Using Articles to Get Links

Original articles placed on other websites are a fantastic way to get links back to your site. Not only do original articles showcase your knowledge and skills, they also include something called a "resource box" at the end. This box contains your name with two or three lines of information about you and your business, and a link back to your website formatted in any way you wish.

Services like RCPLinks. com use original articles to place your one-way links. With specialized submission software, they can get your articles, containing your resource box, out to hundreds of websites. Once your article is posted, each of these websites will send out a one-way link to your site from that resource box; even better, the sites your article is placed on have good rankings on Google themselves.

Whatever Happened to Reciprocal Links?

Once upon a time, something like a year or two ago in the fast-moving world of the Internet, reciprocal links in which you agree to link to someone if they link to you were a great way to make your site look popular. But the techs at Google and other search engines figured this out. Their search engines have been cataloguing who links to whom for a while, and it wasn't hard to figure out which pages linked to one another for no discernable reason except to spam links, and exclude those links.

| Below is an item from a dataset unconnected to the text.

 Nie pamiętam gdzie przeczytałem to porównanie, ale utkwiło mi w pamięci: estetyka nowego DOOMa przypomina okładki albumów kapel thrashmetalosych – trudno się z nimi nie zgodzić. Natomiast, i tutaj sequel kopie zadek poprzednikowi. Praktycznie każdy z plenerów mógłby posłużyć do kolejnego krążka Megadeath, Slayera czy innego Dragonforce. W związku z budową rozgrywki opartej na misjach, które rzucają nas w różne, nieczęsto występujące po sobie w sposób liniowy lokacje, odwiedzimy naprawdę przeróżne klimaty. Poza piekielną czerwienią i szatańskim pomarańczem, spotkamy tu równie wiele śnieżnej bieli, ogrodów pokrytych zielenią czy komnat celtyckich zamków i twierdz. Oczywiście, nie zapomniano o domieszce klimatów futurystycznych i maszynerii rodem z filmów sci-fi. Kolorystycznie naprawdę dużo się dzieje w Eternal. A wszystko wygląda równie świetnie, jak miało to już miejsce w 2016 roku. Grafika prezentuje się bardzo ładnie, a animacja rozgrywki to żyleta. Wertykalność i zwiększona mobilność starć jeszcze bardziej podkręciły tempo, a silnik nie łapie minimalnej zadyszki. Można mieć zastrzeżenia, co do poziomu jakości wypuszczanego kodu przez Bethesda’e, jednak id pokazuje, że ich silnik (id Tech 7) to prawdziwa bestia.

This makes one-way links incredibly valuable. They're the primary link type you can be certain will count for you in the search engine races.

Reciprocal Links: Not Dead Yet

Despite the controls the search engines place on reciprocal links to prevent artificial inflation of your site ranking, there is still a place for reciprocal linking.

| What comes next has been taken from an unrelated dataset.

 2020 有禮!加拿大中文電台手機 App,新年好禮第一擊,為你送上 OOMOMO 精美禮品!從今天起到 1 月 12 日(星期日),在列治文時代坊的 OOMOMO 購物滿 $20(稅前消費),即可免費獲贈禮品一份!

Sites that link to one another and that have some similarity in content are the ones that search engines still use to add to your rankings. But you can't do this with an automated submitter, though many online companies would like you to think you can.

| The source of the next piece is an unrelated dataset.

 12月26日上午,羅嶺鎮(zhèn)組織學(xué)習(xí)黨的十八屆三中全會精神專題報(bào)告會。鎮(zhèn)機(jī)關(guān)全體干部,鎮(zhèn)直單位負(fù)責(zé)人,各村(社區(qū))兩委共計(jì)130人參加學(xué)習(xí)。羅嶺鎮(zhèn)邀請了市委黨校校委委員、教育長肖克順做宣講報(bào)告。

Instead, you need to research manually and individually each potential link partner. You'll need to identify the partner, determine the site's suitability and compatibility for yours, and contact the webmaster to propose an exchange of links. This is amazingly time-consuming, but over time trading links can help you build your site ranking.

The best way to get your website jump-started in the rankings is through article submission. In the beginning, you need the web equivalent of a nitric oxide boost, not incremental steps. Trading reciprocal links can come later, when you have more time to devote to climbing in the ranks.